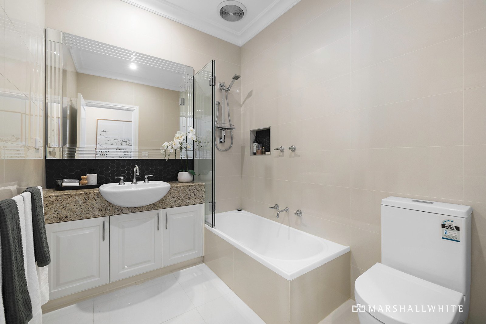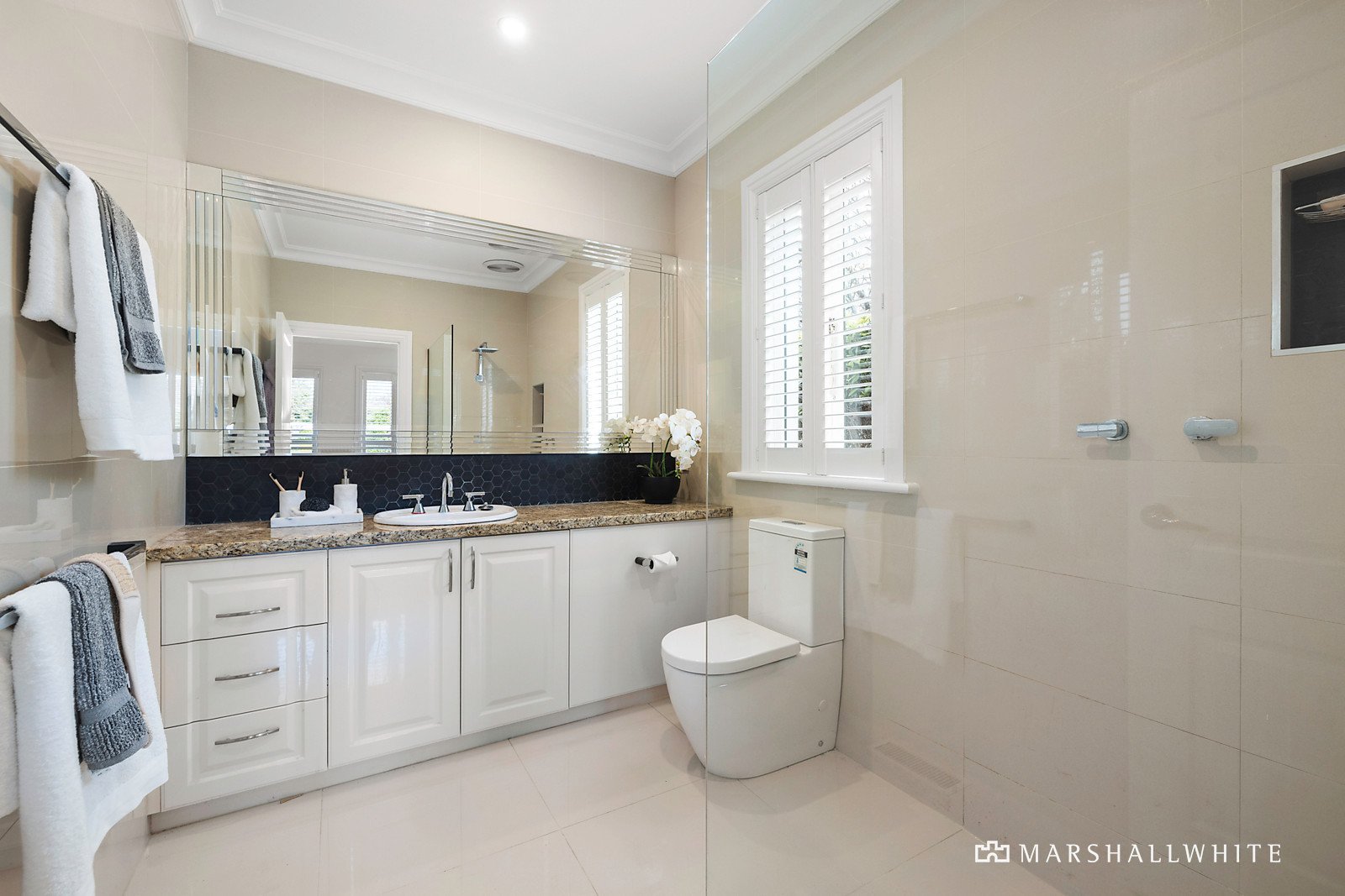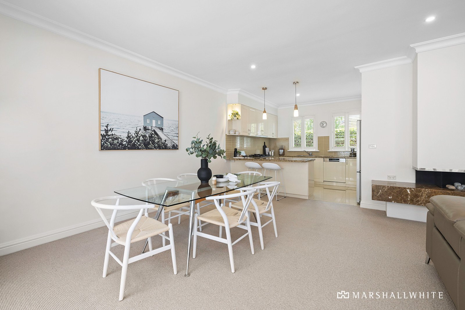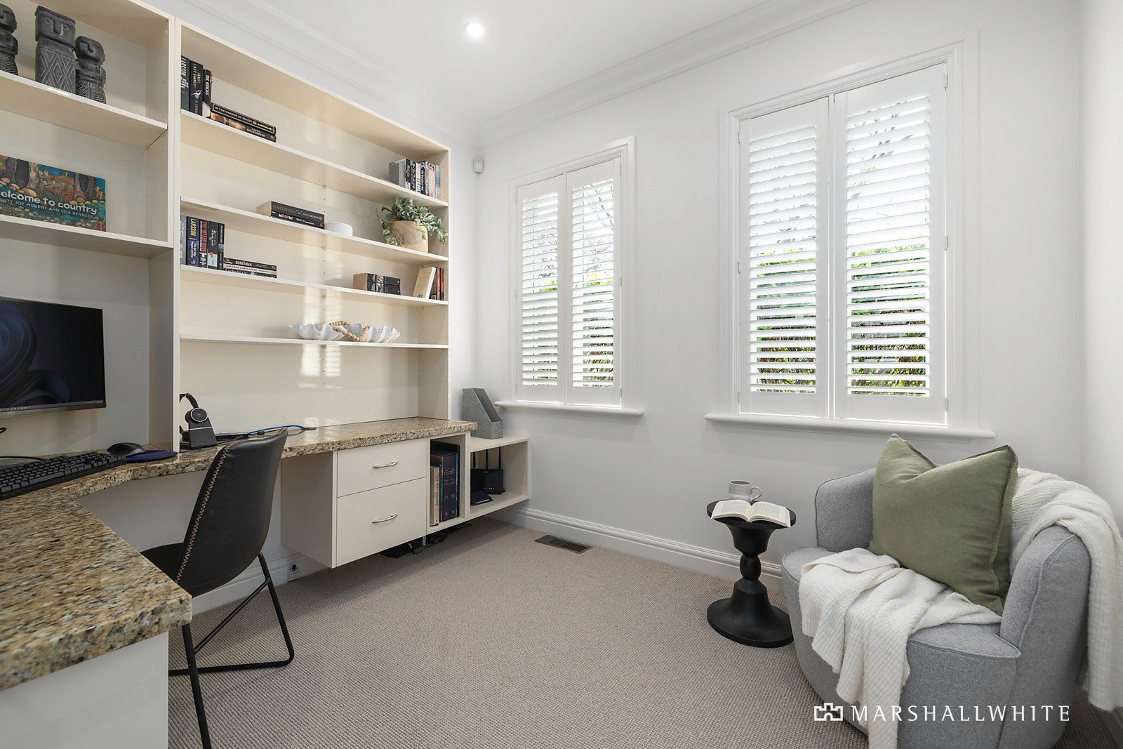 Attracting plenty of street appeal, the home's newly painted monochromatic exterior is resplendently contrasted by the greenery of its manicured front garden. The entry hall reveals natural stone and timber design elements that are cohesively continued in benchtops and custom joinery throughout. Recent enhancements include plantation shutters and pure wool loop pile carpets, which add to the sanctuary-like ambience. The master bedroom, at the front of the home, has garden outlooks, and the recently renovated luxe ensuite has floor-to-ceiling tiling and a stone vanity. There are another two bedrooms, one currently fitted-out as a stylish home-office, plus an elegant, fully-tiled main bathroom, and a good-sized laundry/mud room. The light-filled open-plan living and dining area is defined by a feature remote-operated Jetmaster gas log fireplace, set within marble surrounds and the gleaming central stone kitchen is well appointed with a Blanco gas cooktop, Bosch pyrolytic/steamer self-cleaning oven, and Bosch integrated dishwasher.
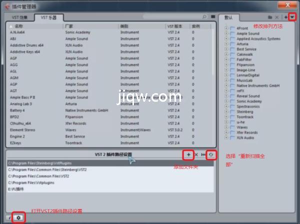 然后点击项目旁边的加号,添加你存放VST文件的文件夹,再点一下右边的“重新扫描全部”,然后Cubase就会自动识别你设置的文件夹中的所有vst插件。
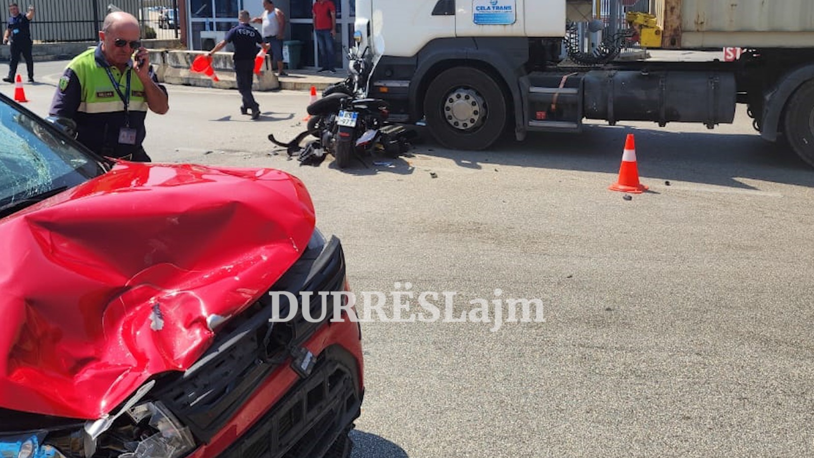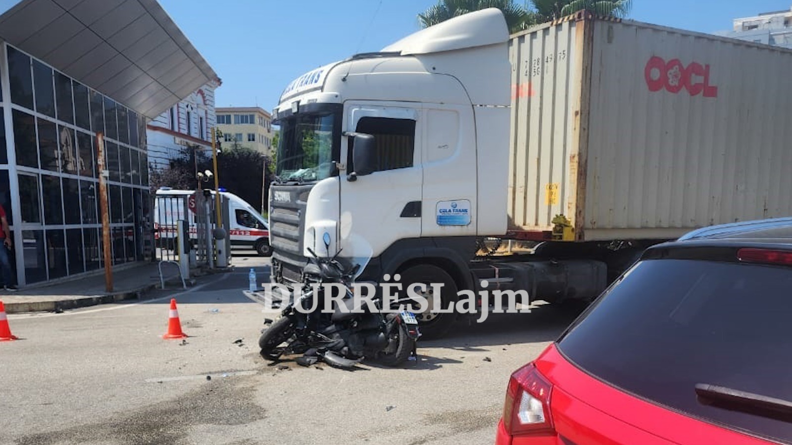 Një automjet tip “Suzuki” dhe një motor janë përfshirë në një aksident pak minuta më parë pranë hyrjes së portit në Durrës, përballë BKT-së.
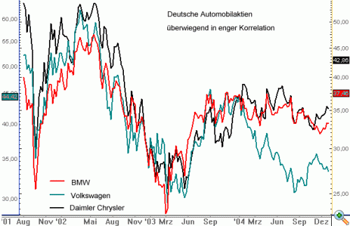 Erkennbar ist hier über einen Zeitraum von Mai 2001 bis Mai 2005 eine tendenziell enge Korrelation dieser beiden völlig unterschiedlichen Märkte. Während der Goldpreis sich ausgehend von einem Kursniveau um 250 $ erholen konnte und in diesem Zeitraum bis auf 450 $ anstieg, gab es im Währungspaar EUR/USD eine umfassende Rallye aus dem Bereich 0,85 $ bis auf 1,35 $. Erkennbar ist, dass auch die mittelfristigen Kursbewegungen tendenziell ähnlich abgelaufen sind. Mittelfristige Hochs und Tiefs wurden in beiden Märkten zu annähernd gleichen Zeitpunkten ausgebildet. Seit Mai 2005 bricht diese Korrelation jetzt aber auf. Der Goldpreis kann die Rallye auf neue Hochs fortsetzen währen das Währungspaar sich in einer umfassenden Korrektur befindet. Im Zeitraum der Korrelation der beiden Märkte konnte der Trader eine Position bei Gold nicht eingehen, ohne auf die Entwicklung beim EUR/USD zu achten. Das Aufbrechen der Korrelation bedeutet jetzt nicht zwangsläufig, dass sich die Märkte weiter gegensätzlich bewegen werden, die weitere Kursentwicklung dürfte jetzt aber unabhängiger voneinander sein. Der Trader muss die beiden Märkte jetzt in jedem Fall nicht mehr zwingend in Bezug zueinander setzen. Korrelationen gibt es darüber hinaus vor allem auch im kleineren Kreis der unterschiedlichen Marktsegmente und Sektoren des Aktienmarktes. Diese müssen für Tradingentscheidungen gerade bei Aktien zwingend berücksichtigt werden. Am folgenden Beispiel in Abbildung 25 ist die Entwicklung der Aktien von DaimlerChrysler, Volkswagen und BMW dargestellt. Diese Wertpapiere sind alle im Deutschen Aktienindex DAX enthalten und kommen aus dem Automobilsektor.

--

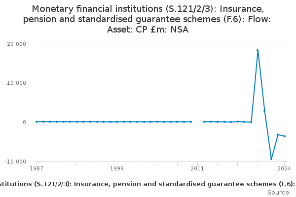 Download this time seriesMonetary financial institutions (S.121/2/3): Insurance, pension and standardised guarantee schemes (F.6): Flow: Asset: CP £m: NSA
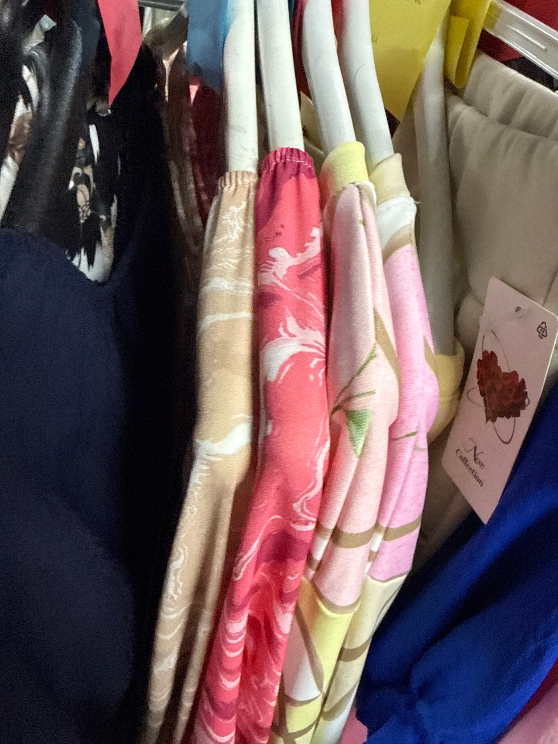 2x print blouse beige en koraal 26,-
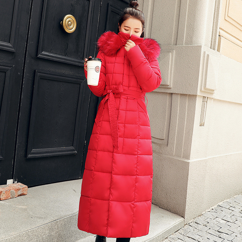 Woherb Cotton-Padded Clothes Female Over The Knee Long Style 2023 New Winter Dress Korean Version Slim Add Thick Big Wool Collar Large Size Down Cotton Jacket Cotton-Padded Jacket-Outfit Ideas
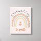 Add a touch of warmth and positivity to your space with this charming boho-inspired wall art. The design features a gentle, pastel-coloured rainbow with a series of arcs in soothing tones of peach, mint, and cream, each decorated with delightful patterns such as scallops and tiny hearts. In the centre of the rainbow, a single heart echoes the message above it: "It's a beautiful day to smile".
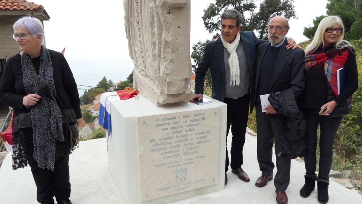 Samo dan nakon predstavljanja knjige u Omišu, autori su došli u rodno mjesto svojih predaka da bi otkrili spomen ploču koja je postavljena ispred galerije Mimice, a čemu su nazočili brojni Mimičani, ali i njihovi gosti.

◆ **TASK PROMPT**:
In the records above, everything from the line with "然后点击项目旁边的加号,添加" down to the line with "Një automjet tip" must be duplicated exactly, both lines kept. Leave no pictures in.

◆ **THE COMPLETED TASK**:
 然后点击项目旁边的加号,添加你存放VST文件的文件夹,再点一下右边的“重新扫描全部”,然后Cubase就会自动识别你设置的文件夹中的所有vst插件。
 Një automjet tip “Suzuki” dhe një motor janë përfshirë në një aksident pak minuta më parë pranë hyrjes së portit në Durrës, përballë BKT-së.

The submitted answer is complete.